### Aim of the task
The listing is to be printed in full, exactly as given.

### Source material
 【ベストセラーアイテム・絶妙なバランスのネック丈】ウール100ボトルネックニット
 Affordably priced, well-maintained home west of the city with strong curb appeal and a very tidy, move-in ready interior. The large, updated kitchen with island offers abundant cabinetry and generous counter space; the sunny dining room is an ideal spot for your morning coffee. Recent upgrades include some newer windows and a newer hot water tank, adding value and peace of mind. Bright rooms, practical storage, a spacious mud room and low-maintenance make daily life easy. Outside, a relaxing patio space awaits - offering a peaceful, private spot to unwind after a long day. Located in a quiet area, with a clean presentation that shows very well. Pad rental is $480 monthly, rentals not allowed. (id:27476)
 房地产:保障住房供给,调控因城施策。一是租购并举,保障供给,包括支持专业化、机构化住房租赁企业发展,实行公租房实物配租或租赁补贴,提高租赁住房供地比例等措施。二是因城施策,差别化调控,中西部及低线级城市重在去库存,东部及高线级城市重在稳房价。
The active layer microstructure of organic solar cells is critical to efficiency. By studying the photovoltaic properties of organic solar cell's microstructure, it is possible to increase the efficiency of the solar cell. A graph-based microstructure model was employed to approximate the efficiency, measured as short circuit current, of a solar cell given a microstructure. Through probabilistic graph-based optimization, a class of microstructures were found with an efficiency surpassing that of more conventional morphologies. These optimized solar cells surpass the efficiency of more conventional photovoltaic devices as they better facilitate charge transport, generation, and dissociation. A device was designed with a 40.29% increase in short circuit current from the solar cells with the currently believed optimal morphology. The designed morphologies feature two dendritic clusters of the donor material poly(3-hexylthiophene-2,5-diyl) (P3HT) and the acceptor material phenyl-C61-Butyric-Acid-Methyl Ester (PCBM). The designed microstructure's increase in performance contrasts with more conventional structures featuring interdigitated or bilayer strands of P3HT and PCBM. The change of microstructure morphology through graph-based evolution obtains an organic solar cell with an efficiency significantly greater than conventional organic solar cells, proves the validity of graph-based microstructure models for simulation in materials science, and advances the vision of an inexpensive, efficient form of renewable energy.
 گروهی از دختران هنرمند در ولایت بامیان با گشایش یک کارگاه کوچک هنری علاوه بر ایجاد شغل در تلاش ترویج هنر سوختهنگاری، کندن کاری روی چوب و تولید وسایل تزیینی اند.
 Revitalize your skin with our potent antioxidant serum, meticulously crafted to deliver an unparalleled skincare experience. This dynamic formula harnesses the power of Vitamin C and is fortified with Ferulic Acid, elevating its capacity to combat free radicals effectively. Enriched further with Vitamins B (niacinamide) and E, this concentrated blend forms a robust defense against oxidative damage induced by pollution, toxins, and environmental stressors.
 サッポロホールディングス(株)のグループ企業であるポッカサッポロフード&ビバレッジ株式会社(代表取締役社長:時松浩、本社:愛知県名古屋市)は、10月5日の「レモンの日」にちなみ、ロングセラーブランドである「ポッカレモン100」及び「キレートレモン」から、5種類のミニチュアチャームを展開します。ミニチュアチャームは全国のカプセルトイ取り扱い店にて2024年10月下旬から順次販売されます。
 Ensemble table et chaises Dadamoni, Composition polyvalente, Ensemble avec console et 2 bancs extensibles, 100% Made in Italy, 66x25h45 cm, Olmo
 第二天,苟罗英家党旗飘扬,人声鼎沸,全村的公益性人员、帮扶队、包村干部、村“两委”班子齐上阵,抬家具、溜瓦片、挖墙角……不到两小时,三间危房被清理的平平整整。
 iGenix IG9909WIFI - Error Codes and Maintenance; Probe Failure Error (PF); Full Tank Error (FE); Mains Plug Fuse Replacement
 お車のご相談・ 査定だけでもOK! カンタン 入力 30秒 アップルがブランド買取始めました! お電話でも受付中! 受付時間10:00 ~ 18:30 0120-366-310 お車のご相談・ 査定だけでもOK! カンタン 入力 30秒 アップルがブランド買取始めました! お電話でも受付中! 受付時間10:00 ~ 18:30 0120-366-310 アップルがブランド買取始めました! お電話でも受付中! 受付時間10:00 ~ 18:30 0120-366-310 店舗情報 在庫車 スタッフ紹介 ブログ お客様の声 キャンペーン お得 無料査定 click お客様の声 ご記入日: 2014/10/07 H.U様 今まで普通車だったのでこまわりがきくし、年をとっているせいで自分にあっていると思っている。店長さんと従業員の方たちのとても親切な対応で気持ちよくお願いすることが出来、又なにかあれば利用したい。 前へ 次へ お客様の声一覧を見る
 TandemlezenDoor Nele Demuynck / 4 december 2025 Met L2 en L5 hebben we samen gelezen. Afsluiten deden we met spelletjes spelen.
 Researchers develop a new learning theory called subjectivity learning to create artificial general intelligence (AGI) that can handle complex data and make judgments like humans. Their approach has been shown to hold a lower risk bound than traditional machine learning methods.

### Response to the task
 【ベストセラーアイテム・絶妙なバランスのネック丈】ウール100ボトルネックニット
 Affordably priced, well-maintained home west of the city with strong curb appeal and a very tidy, move-in ready interior. The large, updated kitchen with island offers abundant cabinetry and generous counter space; the sunny dining room is an ideal spot for your morning coffee. Recent upgrades include some newer windows and a newer hot water tank, adding value and peace of mind. Bright rooms, practical storage, a spacious mud room and low-maintenance make daily life easy. Outside, a relaxing patio space awaits - offering a peaceful, private spot to unwind after a long day. Located in a quiet area, with a clean presentation that shows very well. Pad rental is $480 monthly, rentals not allowed. (id:27476)
 房地产:保障住房供给,调控因城施策。一是租购并举,保障供给,包括支持专业化、机构化住房租赁企业发展,实行公租房实物配租或租赁补贴,提高租赁住房供地比例等措施。二是因城施策,差别化调控,中西部及低线级城市重在去库存,东部及高线级城市重在稳房价。
The active layer microstructure of organic solar cells is critical to efficiency. By studying the photovoltaic properties of organic solar cell's microstructure, it is possible to increase the efficiency of the solar cell. A graph-based microstructure model was employed to approximate the efficiency, measured as short circuit current, of a solar cell given a microstructure. Through probabilistic graph-based optimization, a class of microstructures were found with an efficiency surpassing that of more conventional morphologies. These optimized solar cells surpass the efficiency of more conventional photovoltaic devices as they better facilitate charge transport, generation, and dissociation. A device was designed with a 40.29% increase in short circuit current from the solar cells with the currently believed optimal morphology. The designed morphologies feature two dendritic clusters of the donor material poly(3-hexylthiophene-2,5-diyl) (P3HT) and the acceptor material phenyl-C61-Butyric-Acid-Methyl Ester (PCBM). The designed microstructure's increase in performance contrasts with more conventional structures featuring interdigitated or bilayer strands of P3HT and PCBM. The change of microstructure morphology through graph-based evolution obtains an organic solar cell with an efficiency significantly greater than conventional organic solar cells, proves the validity of graph-based microstructure models for simulation in materials science, and advances the vision of an inexpensive, efficient form of renewable energy.
 گروهی از دختران هنرمند در ولایت بامیان با گشایش یک کارگاه کوچک هنری علاوه بر ایجاد شغل در تلاش ترویج هنر سوختهنگاری، کندن کاری روی چوب و تولید وسایل تزیینی اند.
 Revitalize your skin with our potent antioxidant serum, meticulously crafted to deliver an unparalleled skincare experience. This dynamic formula harnesses the power of Vitamin C and is fortified with Ferulic Acid, elevating its capacity to combat free radicals effectively. Enriched further with Vitamins B (niacinamide) and E, this concentrated blend forms a robust defense against oxidative damage induced by pollution, toxins, and environmental stressors.
 サッポロホールディングス(株)のグループ企業であるポッカサッポロフード&ビバレッジ株式会社(代表取締役社長:時松浩、本社:愛知県名古屋市)は、10月5日の「レモンの日」にちなみ、ロングセラーブランドである「ポッカレモン100」及び「キレートレモン」から、5種類のミニチュアチャームを展開します。ミニチュアチャームは全国のカプセルトイ取り扱い店にて2024年10月下旬から順次販売されます。
 Ensemble table et chaises Dadamoni, Composition polyvalente, Ensemble avec console et 2 bancs extensibles, 100% Made in Italy, 66x25h45 cm, Olmo
 第二天,苟罗英家党旗飘扬,人声鼎沸,全村的公益性人员、帮扶队、包村干部、村“两委”班子齐上阵,抬家具、溜瓦片、挖墙角……不到两小时,三间危房被清理的平平整整。
 iGenix IG9909WIFI - Error Codes and Maintenance; Probe Failure Error (PF); Full Tank Error (FE); Mains Plug Fuse Replacement
 お車のご相談・ 査定だけでもOK! カンタン 入力 30秒 アップルがブランド買取始めました! お電話でも受付中! 受付時間10:00 ~ 18:30 0120-366-310 お車のご相談・ 査定だけでもOK! カンタン 入力 30秒 アップルがブランド買取始めました! お電話でも受付中! 受付時間10:00 ~ 18:30 0120-366-310 アップルがブランド買取始めました! お電話でも受付中! 受付時間10:00 ~ 18:30 0120-366-310 店舗情報 在庫車 スタッフ紹介 ブログ お客様の声 キャンペーン お得 無料査定 click お客様の声 ご記入日: 2014/10/07 H.U様 今まで普通車だったのでこまわりがきくし、年をとっているせいで自分にあっていると思っている。店長さんと従業員の方たちのとても親切な対応で気持ちよくお願いすることが出来、又なにかあれば利用したい。 前へ 次へ お客様の声一覧を見る
 TandemlezenDoor Nele Demuynck / 4 december 2025 Met L2 en L5 hebben we samen gelezen. Afsluiten deden we met spelletjes spelen.
 Researchers develop a new learning theory called subjectivity learning to create artificial general intelligence (AGI) that can handle complex data and make judgments like humans. Their approach has been shown to hold a lower risk bound than traditional machine learning methods.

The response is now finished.